**
The royal family of Wonderland always had only one child, and it was always a son. Thus, the Royal Jack really only had one purpose in life, and when Winston was nine years old his father divulged it to him.
The most important decision a Royal Jack ever made, his father said, was his choice of a wife.
"Wonderland has always been a matriarchy, my boy," he told him, stroking his long, gray, carefully spiraled beard impressively. "That is our lot in life. Wonderland doesn't realize how important we are as Jacks, getting the power of that choice. Choose wisely, my son, and you need never make another decision again."
Winston remembered being young and thinking Yes. Yes, I can do that.
Once he reached the marrying age of thirteen, women from all over Wonderland began to make hopeful journeys to the castle.
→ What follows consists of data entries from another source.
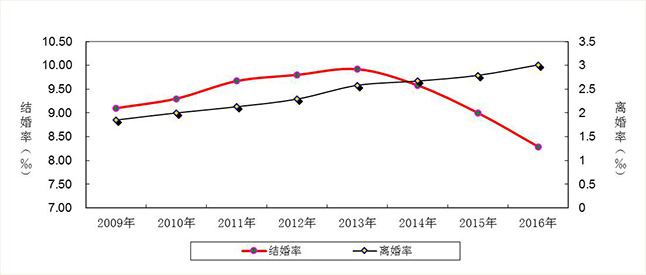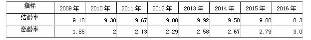 9.结婚率、离婚率指标与2015年公报中粗结婚率、粗离婚率计算方法相同,含义一致。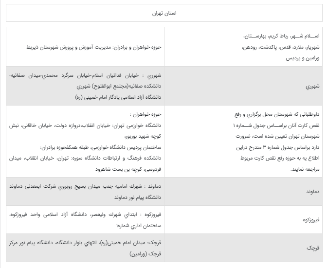 جدول زیر آدرس باجه های رفع نقص، استان تهران برای آزمون پیشین می باشد.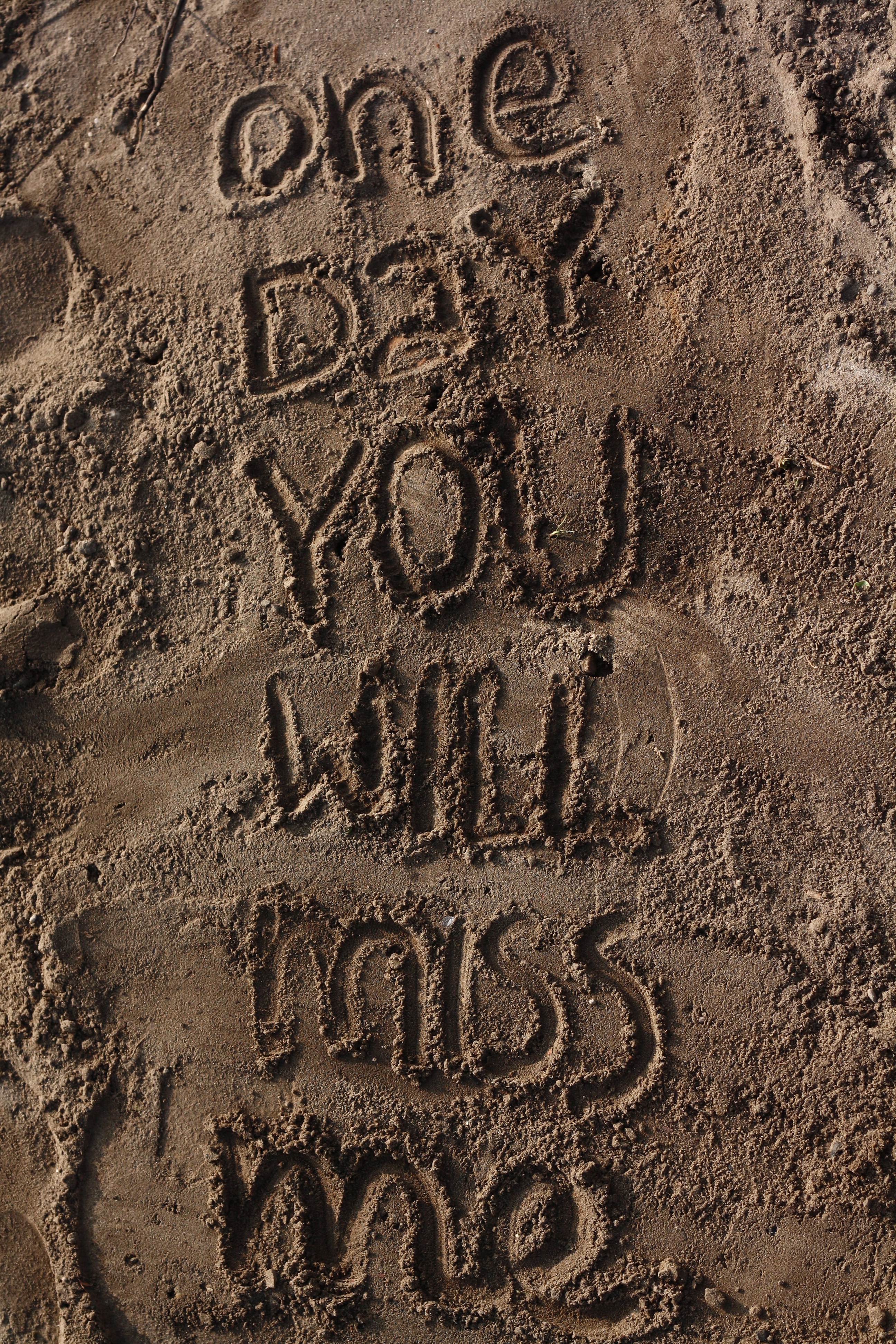 Description: A picture of a sand message written in the sand with a dog and a cat on it that says.

Some of them wore low-cut dresses, some of them brought outrageous displays of their wealth, some of them even brought resumes, the mad badgers. Winston spent his early teenage years looking over all of them carefully, exhaustively, but he couldn't find the Wonderland he wanted. He wanted a Wonderland with drama, with flair, with a spark of mad ingenuity that would launch them into a new era of innovation and prosperity – and, although he never breathed a word of this to his father, Winston wanted a wife. An actual wife, someone he could love.
One day it all became rather too much for him, the sparkly dresses and the fake smiles with empty promises, so Winston made a brief escape into the gardens. No one ever thought to look for him there, strolling about the painstakingly trimmed foliage and brightly-colored roses. Yet, on that very same One Day, he turned a corner and found a girl.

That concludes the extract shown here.